Design optimality plays a central role in the area of statistical experimental design. In general, problems in design optimality are composed of two vital, but separable, components. One of these is determining conditions under which a design is optimal (such as criterion bounds, values of design parameters, or special structure in the information matrix). The other is construction of designs satisfying those conditions. Most papers deal with either optimality conditions, or design construction in accordance with desired combinatorial properties, but not both. This dissertation determines optimal designs for three treatments in the one-way and multi-way heterogeneity settings, first proving optimality through a series of bounding arguments, then applying combinatorial techniques for their construction. Among the results established are optimality with respect to the well known E and A criteria.
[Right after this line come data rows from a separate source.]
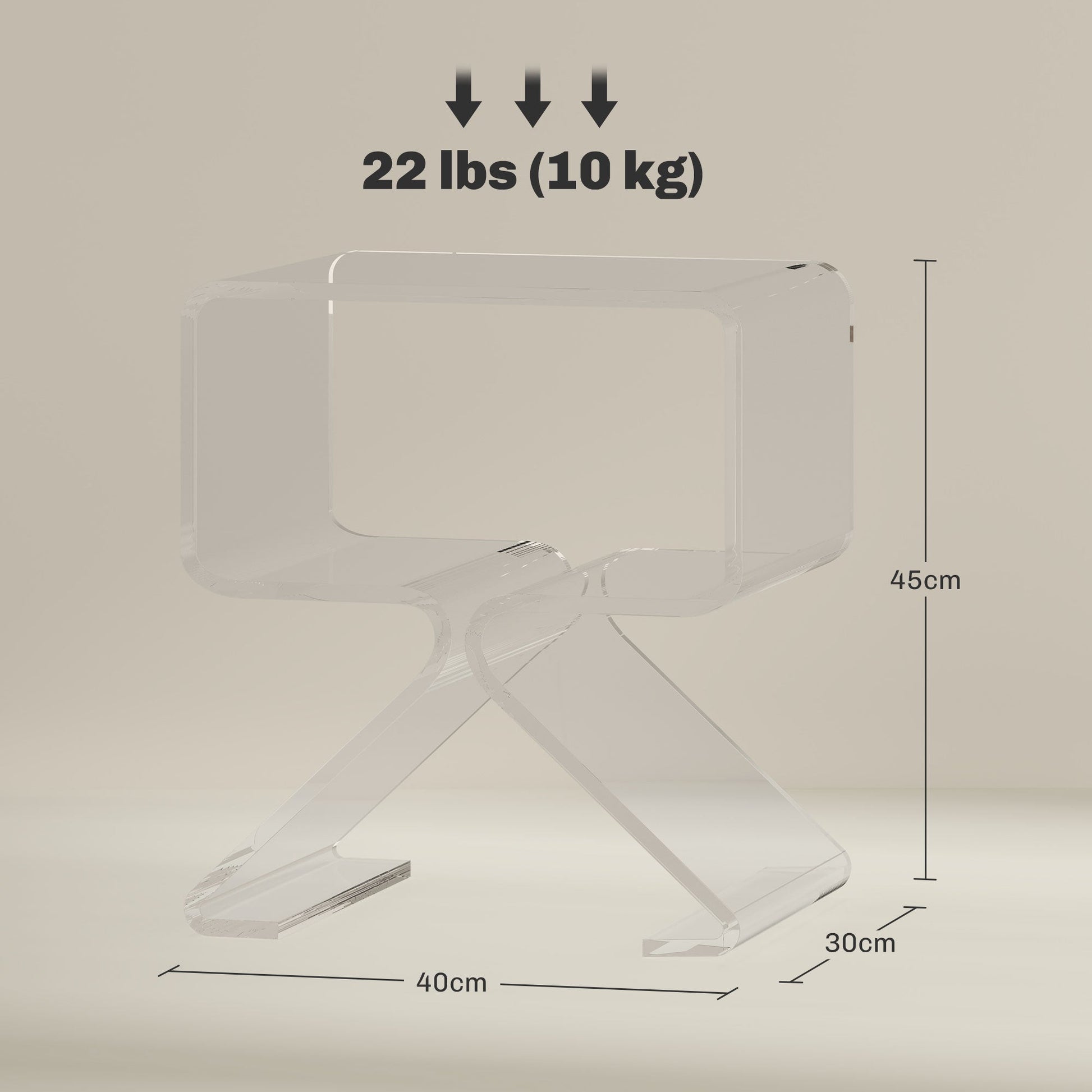 - DIMENSIONS: Overall Dimensions: 40W x 30D x 45H cm. Weight Capacity: 10 kg. No assembly required
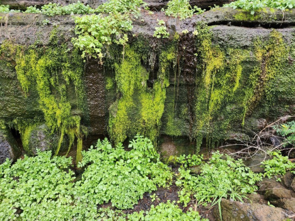 올레길은 엉알길을 따라 지구내 포구로 이어진다. 엉알은 큰 바위, 낭떠러지 아래라는 뜻으로 엉알길 절벽은 세월의 흐름에 따라 층층이 화산쇄설암층을 이루고 있다. 절벽 아래 화산재 지층과 현무암 사이에는 이끼와 양서류 식물이 산재해 있어 태곳적 모습을 간직하고 있다.
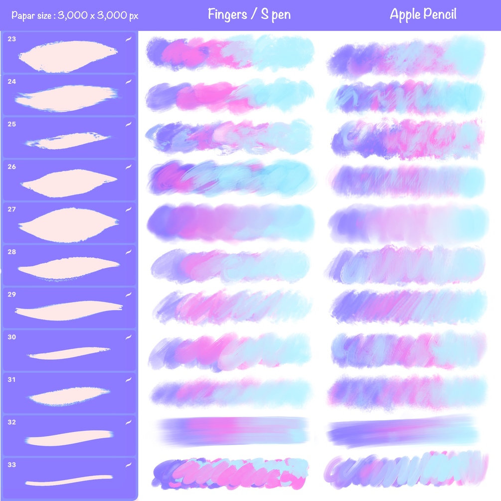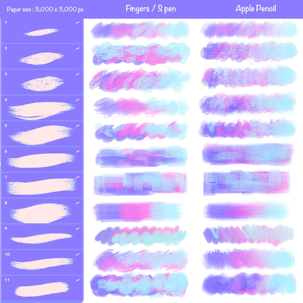 📌 It is recommended to use Apple Pencil to get the most out of the brushes as most brushes are set to support pressure.

A- and E-optimal block designs and row-column designs with three treatments are found, for any parameter set. E-optimal hyperrectangles with three treatments are also found, for any parameter set. Systems of distinct representatives theory is used for the construction of optimal designs. Efficiencies relative to optimal criterion values are used to determine robustness of block designs against loss of a small number of blocks. Nonisomorphic bal anced incomplete block designs are ranked based on their robustness. A complete list of most robust BIBDs for v ≤ 10, r ≤ 15 is compiled.